▶ WHAT THE TASK REQUIRES: Beginning at the line containing "吹奏楽部の伴奏による校歌斉唱", give again every line through the end of the data, unchanged and with both ends included. Drop any pictures.

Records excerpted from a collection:
○ ○ ○ ○
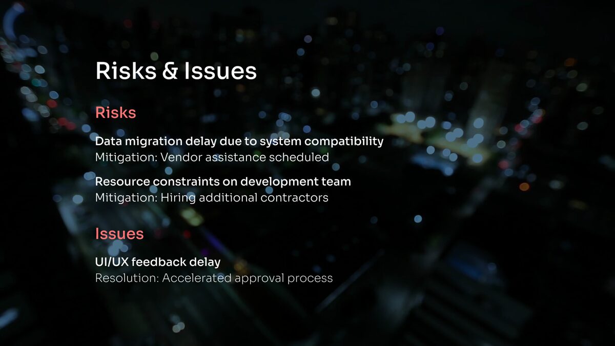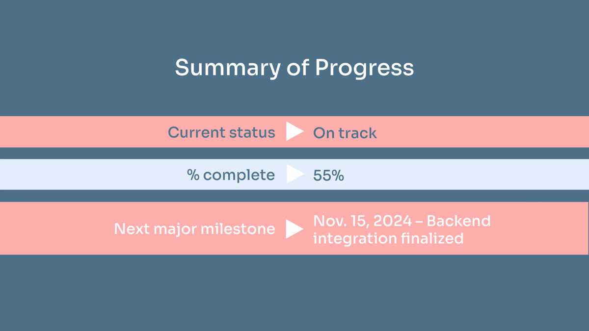 Elevate your project presentations with our “Project Status Report” video template. Craft clear and compelling updates effortlessly, and keep your team aligned with high-impact visuals and customizable elements. Perfect for managers and coordinators looking to showcase project progress and milestones convincingly.
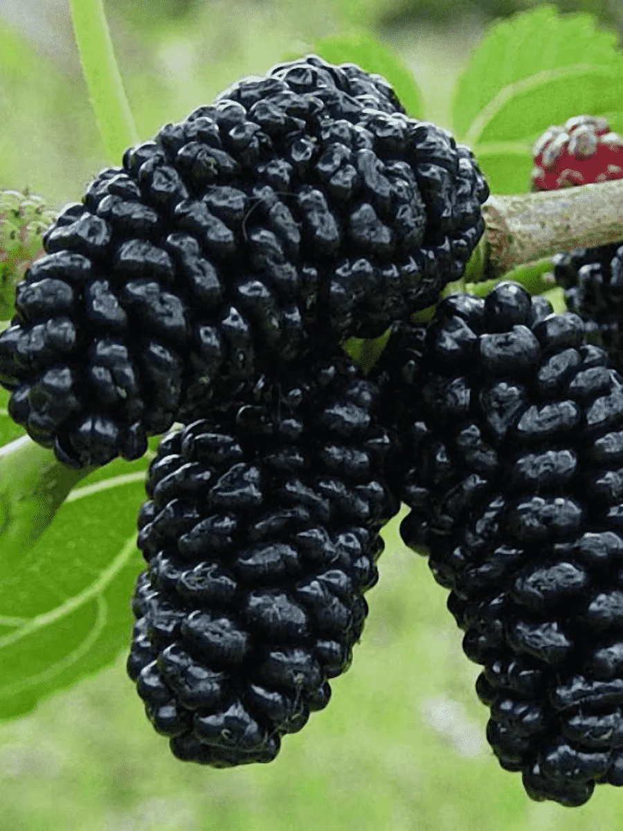 Шелковица чёрная — величественное дерево с раскидистой кроной и мощным стволом, покрытым тёмной корой, испещрённой глубокими трещинами и бороздами, придающими ей благородную суровую красоту. Листья крупные, сердцевидные, слегка шероховатые, насыщенно-зелёного цвета, украшенные волнистым краем и чётко выраженными жилками, словно искусно вырезанные рукой мастера. Цветки мелкие, невзрачные, собраны в короткие серёжки, едва заметные среди густой листвы, однако именно они дарят жизнь будущим сочным ягодам. Дерево предпочитает плодородные почвы и солнечные места, широко распространено в южных регионах Европы и Азии, где оно образует живописные аллеи и тенистые сады, радуя глаз своей пышностью и грациозностью.
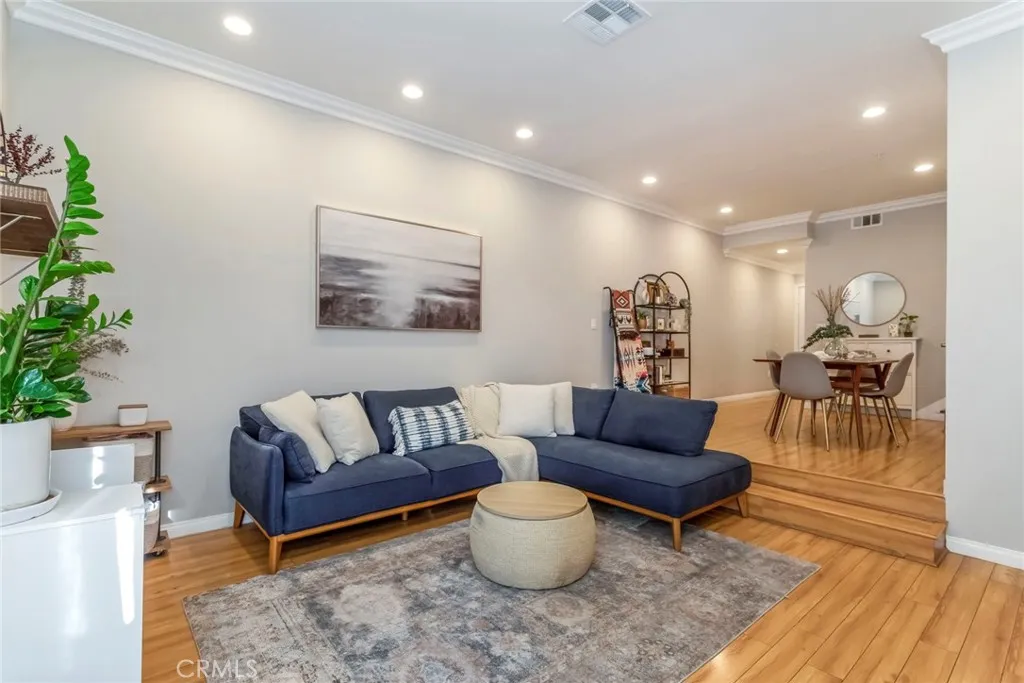 Come see this beautifully renovated townhome ideally located in the heart of Valley Glen. Offering nearly 1,100 square feet of open, light-filled living space, this two bedroom, two bath residence is thoughtfully designed for both everyday comfort and effortless entertaining. Upon entry, you’re welcomed by high grade light wood laminate flooring that flows throughout, complemented by inviting paint selections, upgraded recessed lighting, and two sets of over sized sliding doors that flood the home with natural light. Designed with entertainers in mind, the home features two private patios, perfect for al fresco dining and indoor outdoor living. The expansive kitchen has been tastefully renewed with updated shaker and glass-front cabinetry, granite countertops, a granite and mosaic tile backsplash, stainless steel appliances, modern fixtures, and a large stainless farmhouse sink. The generous family room is anchored by a striking custom accent wall and offers direct access to one of the patios, creating a seamless flow for gatherings. Just above, the elevated dining area provides a spacious and inviting setting for hosting. Upstairs, the serene primary suite showcases another custom accent wall, double mirrored closets, and a private ensuite bath. The remodeled bathroom features a white oak vanity with quartz counters, along with a tub/shower combination finished in custom tile. The secondary bedroom is equally impressive with a custom closet organizer and a built-in Murphy bed, offering exceptional versatility. The additional hall bath has also been remodeled and includes a coordinating white oak vanity with quartz countertop, a stylish shiplap accent wall, and a walk-in shower with classic subway tile. Throughout the home, you’ll appreciate the design details including statement lighting, custom built-ins, crown molding, and clever storage solutions. Modern conveniences complete the home with in-unit private laundry, a controlled-access subterranean garage, and gated entry. Easy access to the freeways, close to parks and shopping!
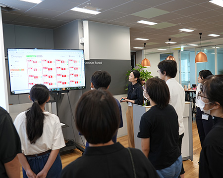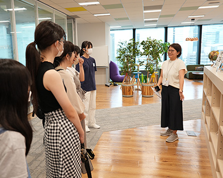 次に、本社見学ツアーを実施。実際に従業員が働くスペースも通りながら、本社オフィスをひと通り案内しました。
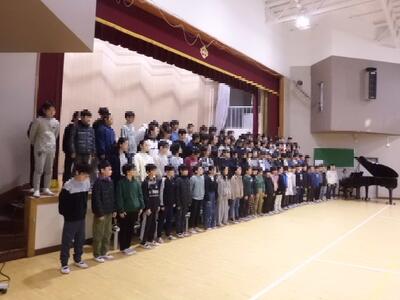 吹奏楽部の伴奏による校歌斉唱 朝から元気いっぱいの歌声が体育館に響き渡りました。
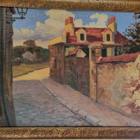 MALERI, OLJE PÅ LERRET. "KATTER PÅ TAKET"
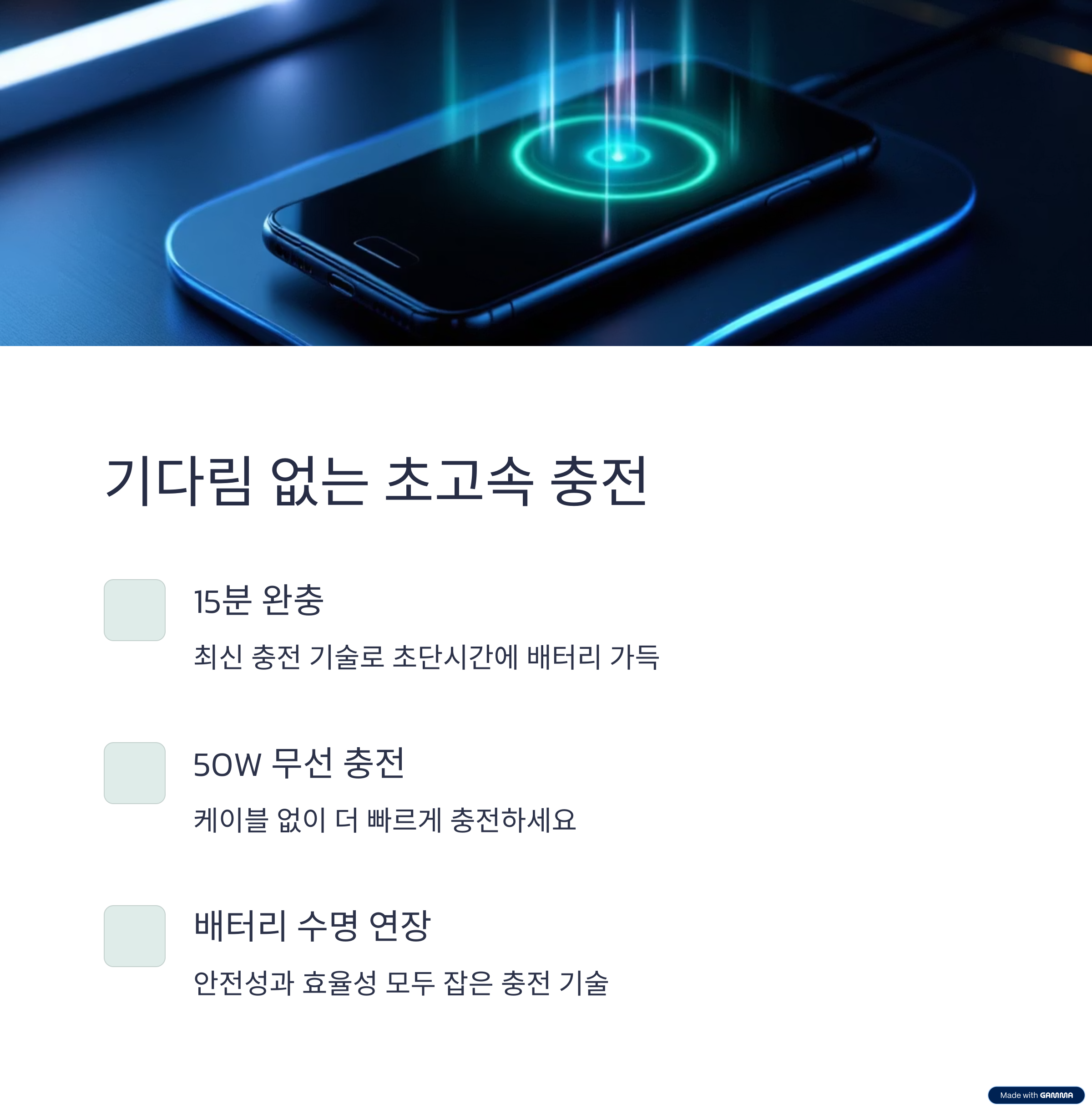 | 초고속 충전 | 15분 만에 100% 완충 가능한 신기술 적용 |
○ ○ ○ ○
▶ SOLUTION FOR THIS TASK:
 吹奏楽部の伴奏による校歌斉唱 朝から元気いっぱいの歌声が体育館に響き渡りました。
 MALERI, OLJE PÅ LERRET. "KATTER PÅ TAKET"
 | 초고속 충전 | 15분 만에 100% 완충 가능한 신기술 적용 |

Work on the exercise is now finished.